In: Civil Engineering
A 1" pipe buried 2' deep runs 40' from house to outhouse. Frost depth = 3', so a trickle must flow.
a) Say it's laminar flow, at 75% of the velocity needed to make Re=2100. Find that velocity, gal/day carried. Use p=1.94slug/ft^3, m= 2.2*10^-5 lb-sec/ft^2 in this and the following Re problems.
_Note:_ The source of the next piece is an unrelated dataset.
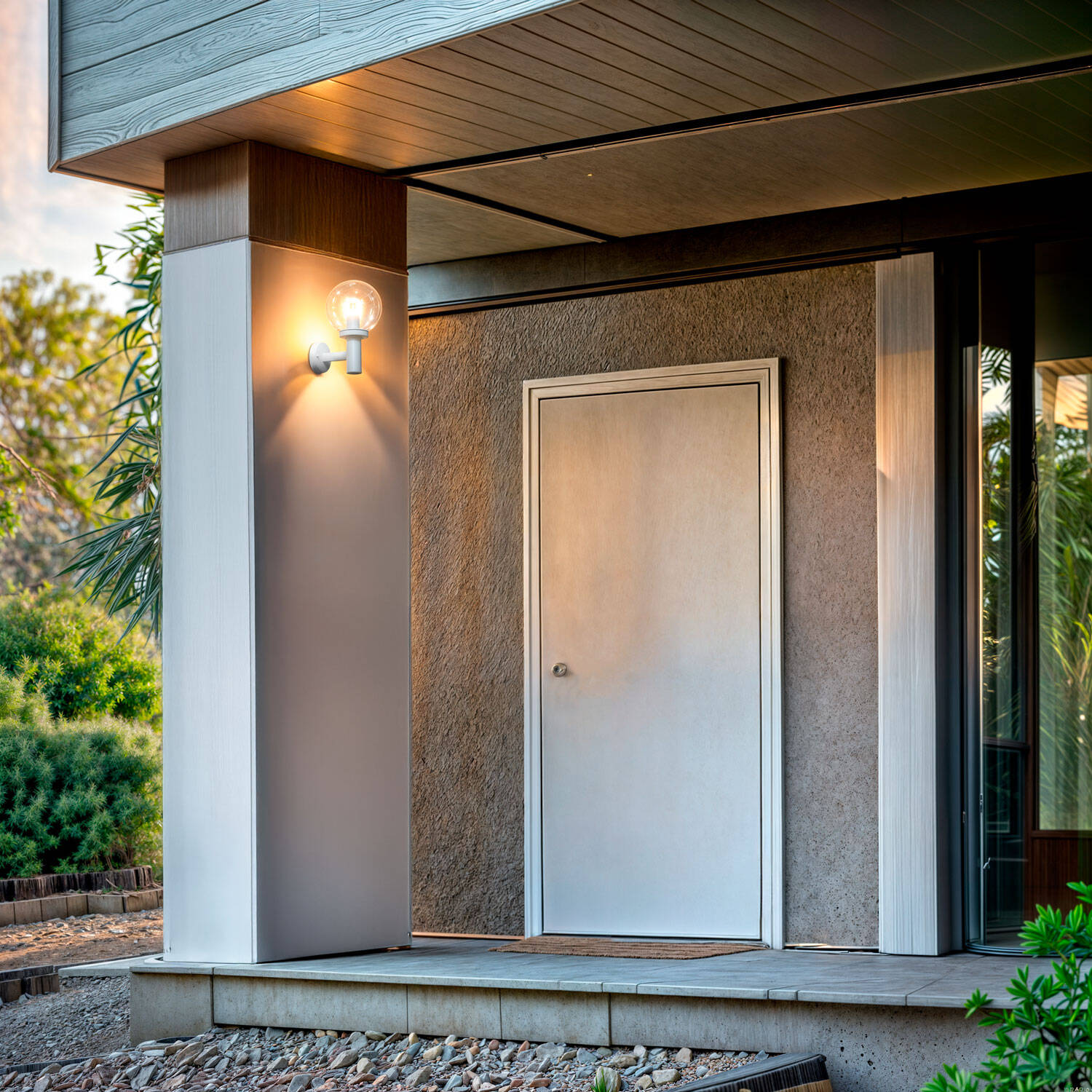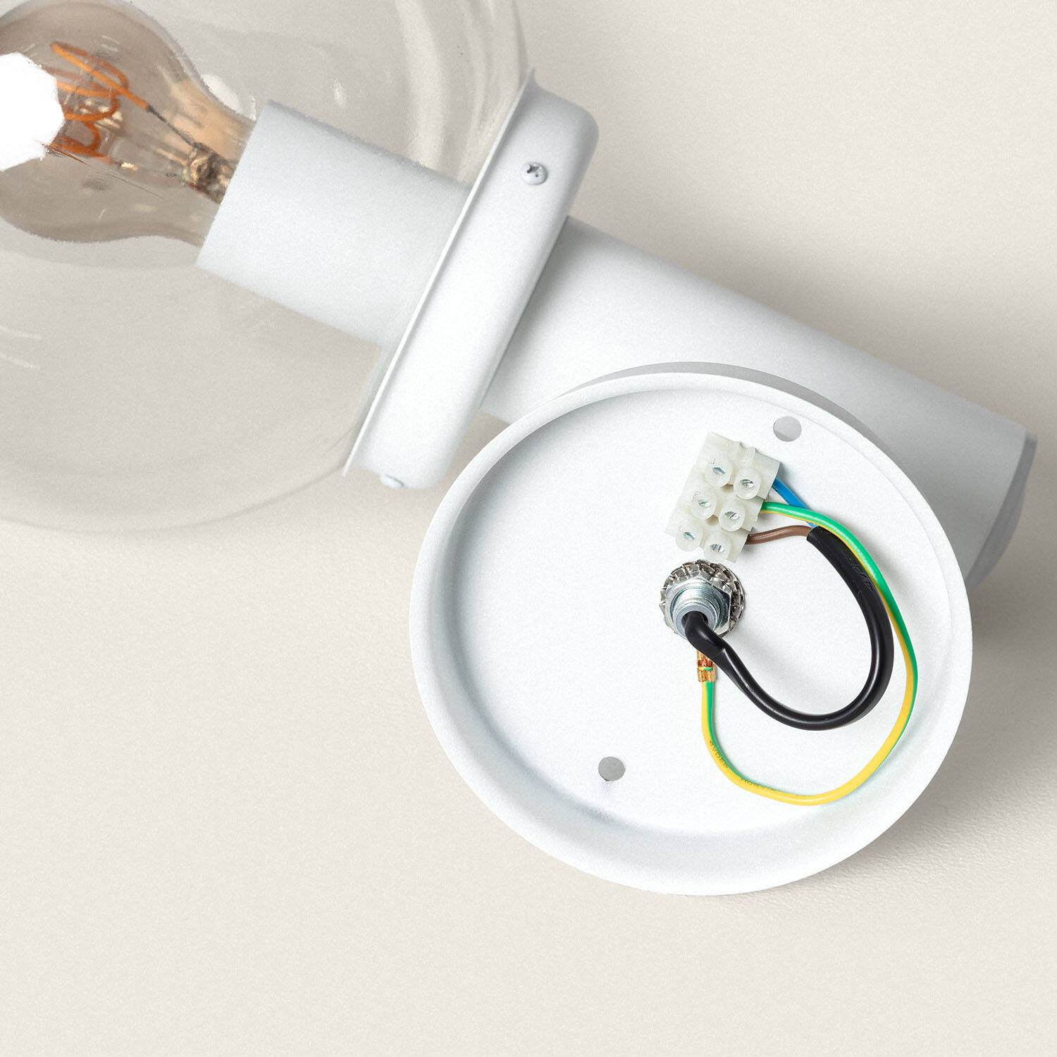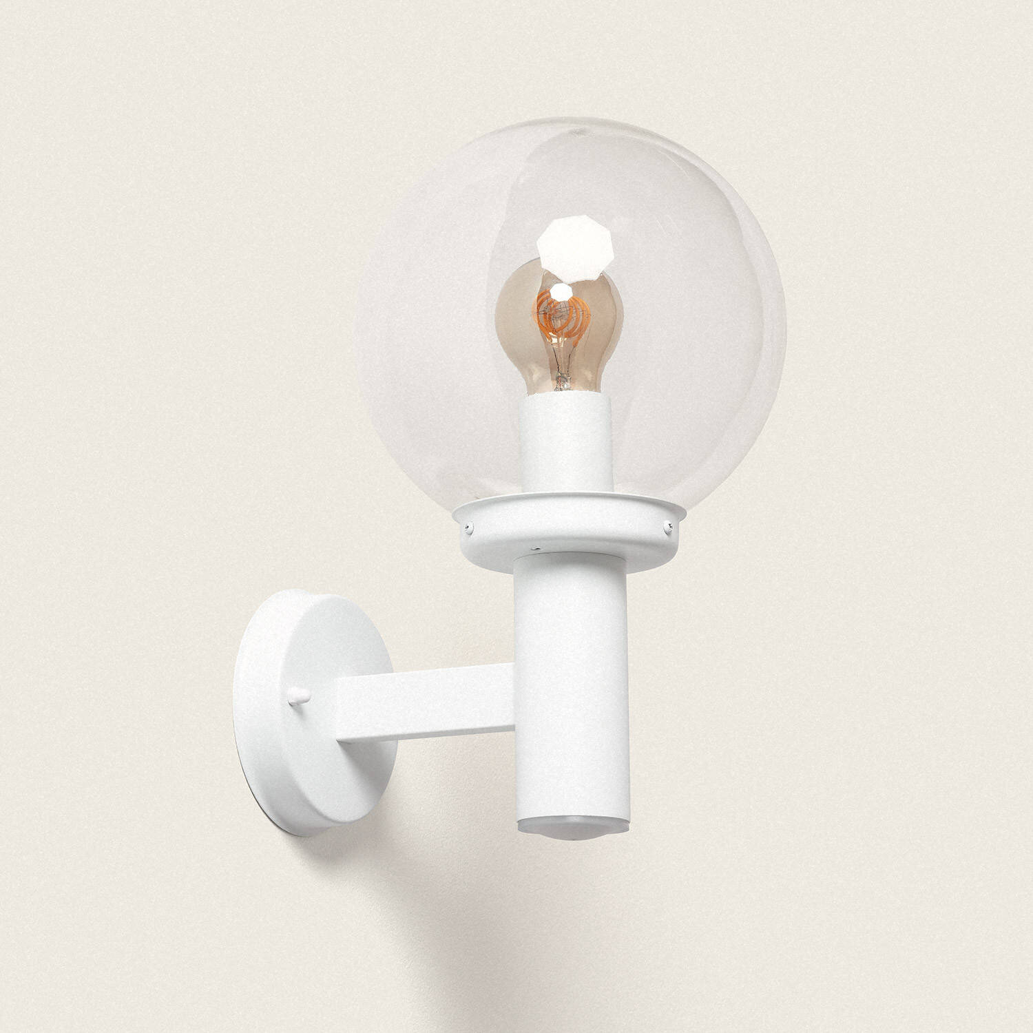 Finition blanche épurée et abat-jour transparent facilitent l’entretien et valorisent l’architecture sans surcharge visuelle. L’entretien est simple et la transparence du méthacrylate met en scène l’ampoule choisie pour créer un éclairage décoratif et fonctionnel, s’adaptant aussi bien aux maisons contemporaines qu’aux façades classiques.

b) Find the head loss hl=hp and the pressure drop (psi) over the l=40'
Answer a) Re = 2100 = pvD/m where p is density of water p = 1.94 slug/ft3 = 1.94 *32.174 lb/ft3 = 62.417 lb/ft3
D = dia of pipe = 1" = 1/12 ft
Dynamic visosity coeffecient = m = 2.2 *10^-5 lb-sec/ ft2
Thus velocity of flow = v1 = 0.0088 ft/sec
Thus 75% of this velocity = v2 = 0.75* 0.0088 ft/sec = 0.0066 ft/sec which is the velocity that has been asked to be calculated.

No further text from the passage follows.